EXERCISE =
The answer should reproduce every entry exactly and contain no images.

RECORDS SHOWN =
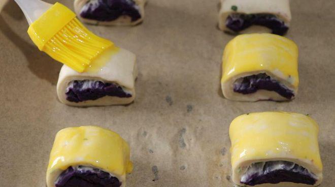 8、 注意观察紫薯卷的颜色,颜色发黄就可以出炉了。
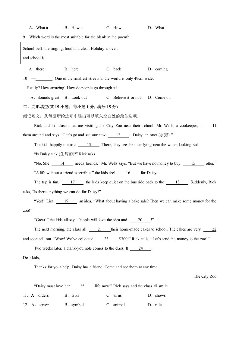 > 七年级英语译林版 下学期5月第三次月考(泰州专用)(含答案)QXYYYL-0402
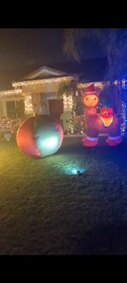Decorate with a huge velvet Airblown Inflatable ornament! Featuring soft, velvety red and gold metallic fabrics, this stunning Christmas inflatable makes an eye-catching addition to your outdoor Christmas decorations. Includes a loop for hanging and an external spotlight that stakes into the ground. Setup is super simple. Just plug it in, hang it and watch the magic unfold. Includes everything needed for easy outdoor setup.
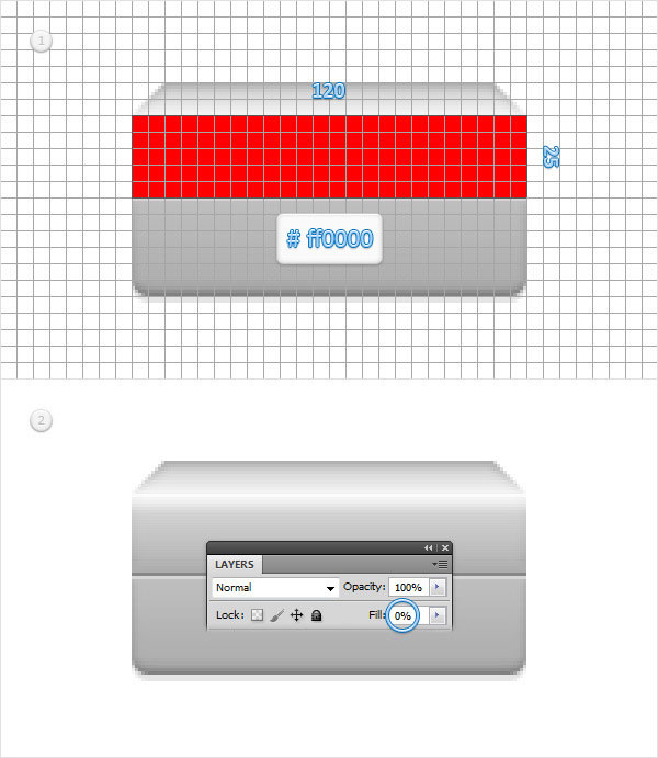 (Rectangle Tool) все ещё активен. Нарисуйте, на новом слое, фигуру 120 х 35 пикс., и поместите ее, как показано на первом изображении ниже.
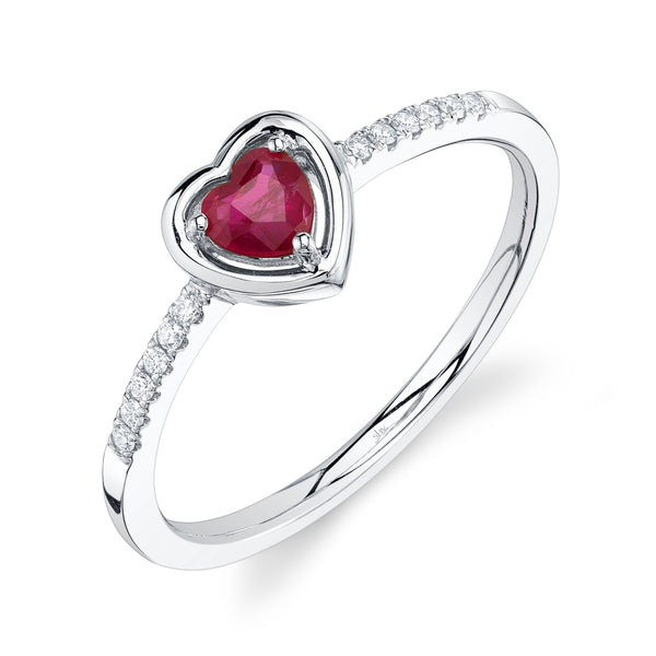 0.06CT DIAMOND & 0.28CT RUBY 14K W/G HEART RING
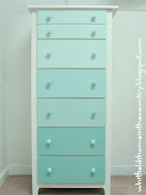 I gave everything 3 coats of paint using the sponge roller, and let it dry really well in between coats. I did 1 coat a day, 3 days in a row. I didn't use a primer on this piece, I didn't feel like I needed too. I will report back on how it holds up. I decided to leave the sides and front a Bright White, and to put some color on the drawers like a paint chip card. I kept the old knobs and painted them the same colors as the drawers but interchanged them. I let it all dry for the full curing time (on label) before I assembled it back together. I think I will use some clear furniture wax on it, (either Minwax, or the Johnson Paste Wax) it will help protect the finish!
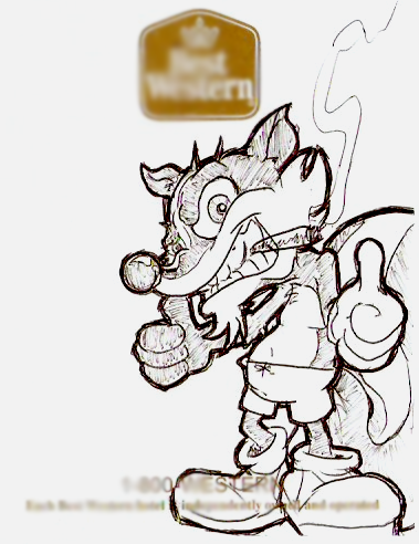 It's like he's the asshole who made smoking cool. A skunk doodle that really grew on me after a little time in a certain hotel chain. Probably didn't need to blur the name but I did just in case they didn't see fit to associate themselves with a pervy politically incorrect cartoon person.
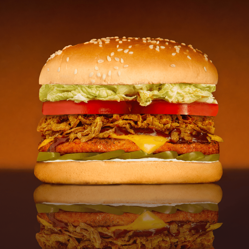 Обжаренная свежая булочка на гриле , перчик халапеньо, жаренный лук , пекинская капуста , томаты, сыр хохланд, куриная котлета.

SOLVED PROBLEM =
 8、 注意观察紫薯卷的颜色,颜色发黄就可以出炉了。
 > 七年级英语译林版 下学期5月第三次月考(泰州专用)(含答案)QXYYYL-0402
Decorate with a huge velvet Airblown Inflatable ornament! Featuring soft, velvety red and gold metallic fabrics, this stunning Christmas inflatable makes an eye-catching addition to your outdoor Christmas decorations. Includes a loop for hanging and an external spotlight that stakes into the ground. Setup is super simple. Just plug it in, hang it and watch the magic unfold. Includes everything needed for easy outdoor setup.
 (Rectangle Tool) все ещё активен. Нарисуйте, на новом слое, фигуру 120 х 35 пикс., и поместите ее, как показано на первом изображении ниже.
 0.06CT DIAMOND & 0.28CT RUBY 14K W/G HEART RING
 I gave everything 3 coats of paint using the sponge roller, and let it dry really well in between coats. I did 1 coat a day, 3 days in a row. I didn't use a primer on this piece, I didn't feel like I needed too. I will report back on how it holds up. I decided to leave the sides and front a Bright White, and to put some color on the drawers like a paint chip card. I kept the old knobs and painted them the same colors as the drawers but interchanged them. I let it all dry for the full curing time (on label) before I assembled it back together. I think I will use some clear furniture wax on it, (either Minwax, or the Johnson Paste Wax) it will help protect the finish!
 It's like he's the asshole who made smoking cool. A skunk doodle that really grew on me after a little time in a certain hotel chain. Probably didn't need to blur the name but I did just in case they didn't see fit to associate themselves with a pervy politically incorrect cartoon person.
 Обжаренная свежая булочка на гриле , перчик халапеньо, жаренный лук , пекинская капуста , томаты, сыр хохланд, куриная котлета.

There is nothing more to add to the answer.